• [PROBLEM TO WORK ON] No pictures go into the copy. Write out every line below exactly.

• [RECORDED INFORMATION]
- Opening Delimiter -

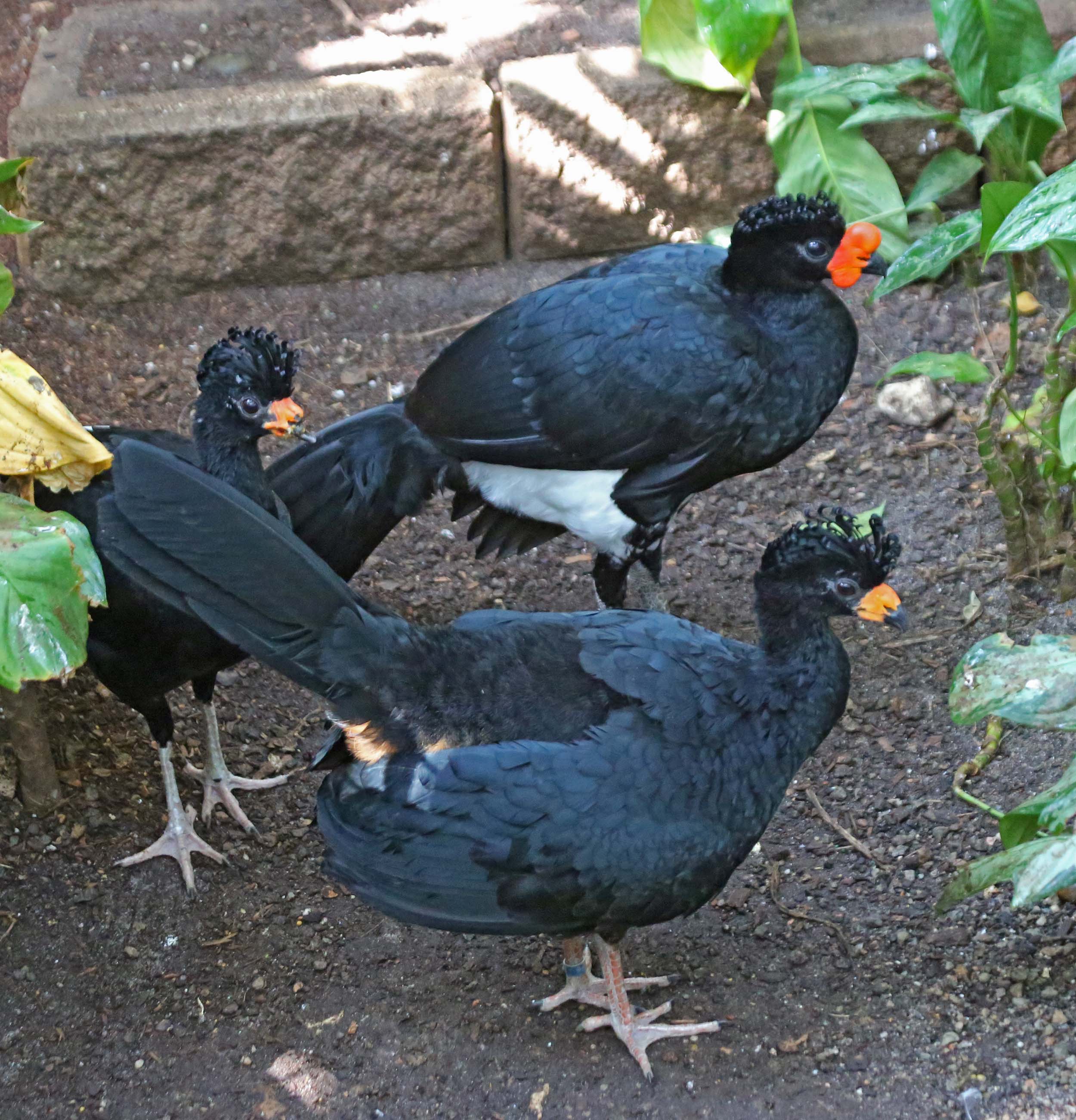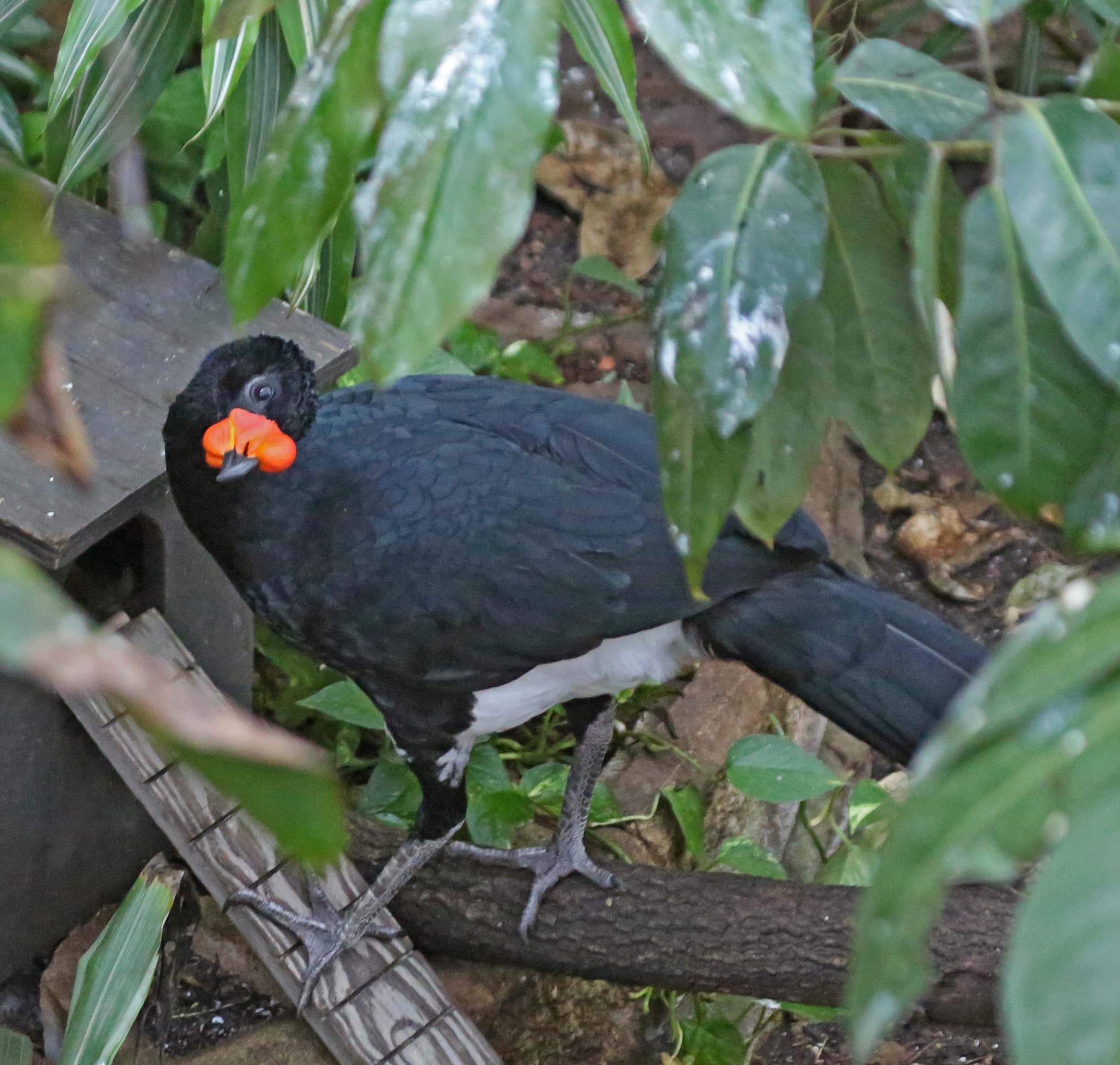 The Yellow-knobbed Curassow is found in the forests and woodlands in Columbia and Venezuela. Both sexes are mostly black but the male has a fleshy yellow knob at the base of its bill.
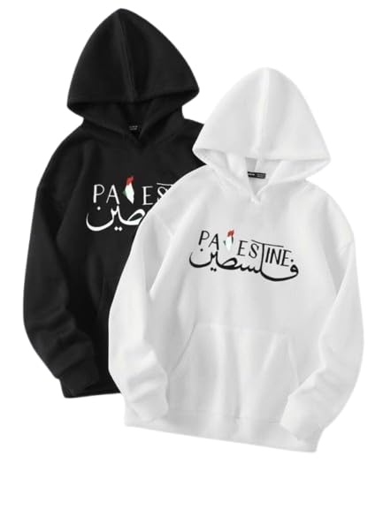 Generic - سويت شيرت شتوي قطني للجنسين، تصميم فلسطين،لون أبيض، مقاس XL
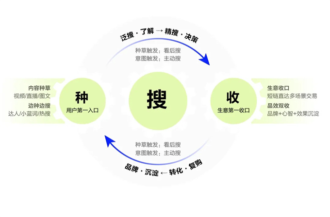 通過(guò)搜索,將種草與拔草兩個(gè)行為更短鏈路的連接起來(lái),同步進(jìn)行,這就是新搜索的一體化邏輯。

- Closing Delimiter -

• [FINAL ANSWER]
 The Yellow-knobbed Curassow is found in the forests and woodlands in Columbia and Venezuela. Both sexes are mostly black but the male has a fleshy yellow knob at the base of its bill.
 Generic - سويت شيرت شتوي قطني للجنسين، تصميم فلسطين،لون أبيض، مقاس XL
 通過(guò)搜索,將種草與拔草兩個(gè)行為更短鏈路的連接起來(lái),同步進(jìn)行,這就是新搜索的一體化邏輯。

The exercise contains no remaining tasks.